Wednesday, 31 August 2011

Mounting pressure prompts PAPs rethink

Strict rules on the use of processed animal proteins (PAPs) introduced in 2001 to combat Transmissable Spongiform Encephalopathy (TSE) could soon be reviewed.

With growing pressure on the European Commission from the agriculture sector to consider a possible reintroduction of PAPs in animal feed, MEPs have thrown their support behind the proposals.

Of course the devastating effects of TSE and BSE are still hauntingly vivid for all in the industry. This led to the 2001 introduction of EU control measures to combat the spread of BSE. These measures included a ban on the feeding of processed animal proteins to animals kept, fattened or bred for the production of food. Effectively, don’t feed animal protein to other animals to prevent any spread of the disease.

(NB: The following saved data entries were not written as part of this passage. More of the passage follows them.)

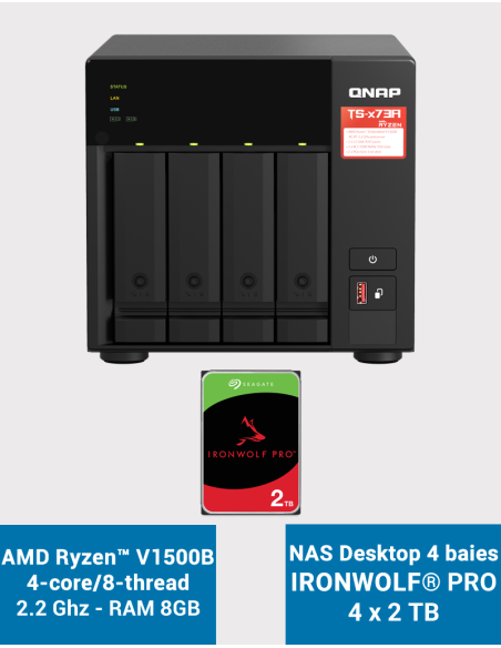 Qnap TS-473A 8GB Serveur NAS 4 baies IRONWOLF PRO 8To (4x2To)
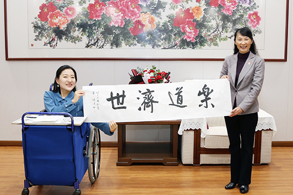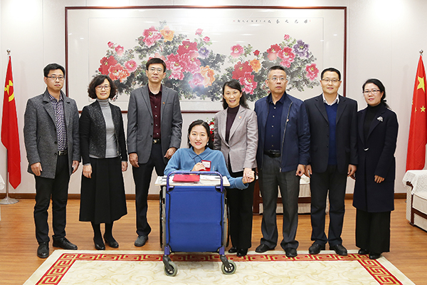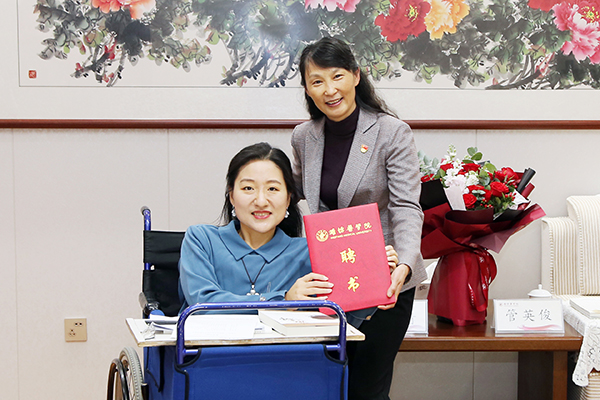 11月20日下午,潍坊市残联副理事长、中国书法家协会会员、“最美轮椅姐姐”刘晓清来校交流报告。校长管英俊亲切接见并颁发客座教授聘书,党委办公室、学生工作处、校团委、人事处、科研处等部门负责人参加座谈交流。
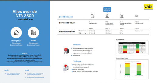 Wij blijven je op de hoogte houden van de ontwikkelingen van de NTA 8800 en onze software? Bekijk hiervoor onze informatiepagina. Ben je nu al nieuwsgierig geworden en wil je weten welke invoer er nodig is voor de NTA 8800 en wat de EP-2 wordt van je woningen? Download dan de betaversie van Vabi Assets Energie. Hiermee krijg je een goed beeld van de nieuwe methodiek.

Efforts to combat TSE by the EU have been successful, but the EU protein deficit and constant increase in feed prices have prompted increasing calls for a review of the rules. MEPs have clearly been listening and their decision has largely been welcomed, with some claiming it to be a useful step in unwinding TSE regulations.

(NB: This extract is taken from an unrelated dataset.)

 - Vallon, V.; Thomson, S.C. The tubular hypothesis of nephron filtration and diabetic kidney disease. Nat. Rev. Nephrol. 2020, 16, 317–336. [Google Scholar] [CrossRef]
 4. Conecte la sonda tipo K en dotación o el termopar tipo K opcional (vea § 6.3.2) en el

The Commission’s TSE Roadmap 2 strategy paper has set out proposals which would allow pig and poultry protein to be used in animal feed. It would allow pigs to be fed poultry protein and poultry to be fed pig protein. Importantly though, bans on protein from cattle and sheep in animal feed and on protein being fed to animals of the same species would remain in force.

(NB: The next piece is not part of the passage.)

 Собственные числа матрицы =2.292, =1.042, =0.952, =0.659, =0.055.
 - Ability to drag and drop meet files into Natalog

Understandably, the issue remains sensitive and highly emotive both within the industry and among consumers. If a decision is made to reintroduce pig and poultry protein in animal feed it is unlikely to come into force until the latter part of 2012. In July the European Parliament adopted a non-legislative resolution supporting the gradual lift of the ban on feeding animal protein to non-ruminants, provided further safeguards are put in place. These safeguards include stipulating that the processed animal proteins must come from species not linked to TSE and may be fed only to non-herbivores. It has also stressed that only PAPs fit for human consumption should be used.

Consumer confidence will no doubt be key to the success of any amendments to the current legislation and potential future developments. It remains of paramount importance that exceptional animal and public health standards must be maintained to help ensure that all of the hard work carried out to combat TSE is not undone. As such, caution will be the watchword with regards to any changes to the status quo.